*** Begin section ***
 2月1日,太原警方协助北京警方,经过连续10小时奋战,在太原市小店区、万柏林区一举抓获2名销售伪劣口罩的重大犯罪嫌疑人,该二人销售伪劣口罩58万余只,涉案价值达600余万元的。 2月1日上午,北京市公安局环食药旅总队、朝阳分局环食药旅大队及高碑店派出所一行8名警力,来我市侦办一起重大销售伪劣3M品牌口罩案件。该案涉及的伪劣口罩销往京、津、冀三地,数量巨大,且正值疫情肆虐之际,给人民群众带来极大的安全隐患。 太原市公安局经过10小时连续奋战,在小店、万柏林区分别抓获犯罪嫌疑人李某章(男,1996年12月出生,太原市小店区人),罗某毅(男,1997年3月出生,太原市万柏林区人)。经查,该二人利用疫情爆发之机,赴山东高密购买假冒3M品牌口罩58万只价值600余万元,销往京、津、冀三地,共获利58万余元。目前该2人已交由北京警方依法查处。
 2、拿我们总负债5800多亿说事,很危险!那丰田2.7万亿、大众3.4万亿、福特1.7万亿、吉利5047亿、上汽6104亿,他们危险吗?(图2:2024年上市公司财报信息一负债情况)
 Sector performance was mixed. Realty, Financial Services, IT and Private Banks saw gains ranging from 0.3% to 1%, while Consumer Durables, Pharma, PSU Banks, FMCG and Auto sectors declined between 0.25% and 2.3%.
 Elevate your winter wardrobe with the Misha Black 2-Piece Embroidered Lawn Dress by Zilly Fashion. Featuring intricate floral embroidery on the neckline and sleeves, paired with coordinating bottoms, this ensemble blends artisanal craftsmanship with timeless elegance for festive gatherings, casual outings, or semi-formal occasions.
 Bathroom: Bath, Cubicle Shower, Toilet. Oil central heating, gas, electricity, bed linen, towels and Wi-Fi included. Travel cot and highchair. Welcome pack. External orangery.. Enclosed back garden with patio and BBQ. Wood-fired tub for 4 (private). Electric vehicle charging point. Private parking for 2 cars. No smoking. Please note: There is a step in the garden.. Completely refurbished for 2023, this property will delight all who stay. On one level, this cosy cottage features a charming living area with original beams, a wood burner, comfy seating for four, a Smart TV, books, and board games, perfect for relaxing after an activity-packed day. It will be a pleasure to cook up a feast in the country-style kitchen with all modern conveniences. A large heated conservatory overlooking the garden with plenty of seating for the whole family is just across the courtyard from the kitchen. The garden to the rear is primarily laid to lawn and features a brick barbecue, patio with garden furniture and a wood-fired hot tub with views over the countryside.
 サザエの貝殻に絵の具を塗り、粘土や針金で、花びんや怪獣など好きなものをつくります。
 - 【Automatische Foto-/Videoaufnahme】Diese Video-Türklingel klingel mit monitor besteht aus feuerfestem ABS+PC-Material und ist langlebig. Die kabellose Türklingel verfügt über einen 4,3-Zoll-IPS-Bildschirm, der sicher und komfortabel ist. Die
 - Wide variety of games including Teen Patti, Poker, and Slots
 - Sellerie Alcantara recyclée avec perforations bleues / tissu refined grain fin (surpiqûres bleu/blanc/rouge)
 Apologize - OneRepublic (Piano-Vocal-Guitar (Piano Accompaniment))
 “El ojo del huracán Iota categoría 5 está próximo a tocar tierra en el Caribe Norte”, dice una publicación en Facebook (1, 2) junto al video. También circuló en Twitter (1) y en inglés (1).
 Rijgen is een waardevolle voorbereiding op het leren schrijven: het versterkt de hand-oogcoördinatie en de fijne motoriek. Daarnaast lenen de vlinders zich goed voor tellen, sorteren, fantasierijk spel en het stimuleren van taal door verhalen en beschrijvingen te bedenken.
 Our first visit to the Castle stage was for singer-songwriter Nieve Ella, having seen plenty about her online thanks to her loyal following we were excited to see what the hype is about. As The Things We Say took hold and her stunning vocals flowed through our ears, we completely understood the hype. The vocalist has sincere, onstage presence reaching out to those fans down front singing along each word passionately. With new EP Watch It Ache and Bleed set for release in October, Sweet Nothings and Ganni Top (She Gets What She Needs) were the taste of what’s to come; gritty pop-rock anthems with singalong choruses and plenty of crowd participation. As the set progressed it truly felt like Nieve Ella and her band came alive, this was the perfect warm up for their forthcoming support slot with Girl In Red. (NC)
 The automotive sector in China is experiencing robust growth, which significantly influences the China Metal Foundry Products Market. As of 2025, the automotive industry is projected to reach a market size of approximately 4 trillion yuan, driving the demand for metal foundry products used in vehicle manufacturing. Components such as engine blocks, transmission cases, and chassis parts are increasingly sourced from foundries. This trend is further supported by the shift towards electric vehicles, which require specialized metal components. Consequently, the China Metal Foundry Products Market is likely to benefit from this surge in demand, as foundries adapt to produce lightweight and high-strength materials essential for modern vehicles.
*** End section ***
=== WHAT THE TASK ASKS ===
Please tally the lines of the entries that contain the string "games" and reply with the count alone.

=== COMPLETED EXERCISE ===
2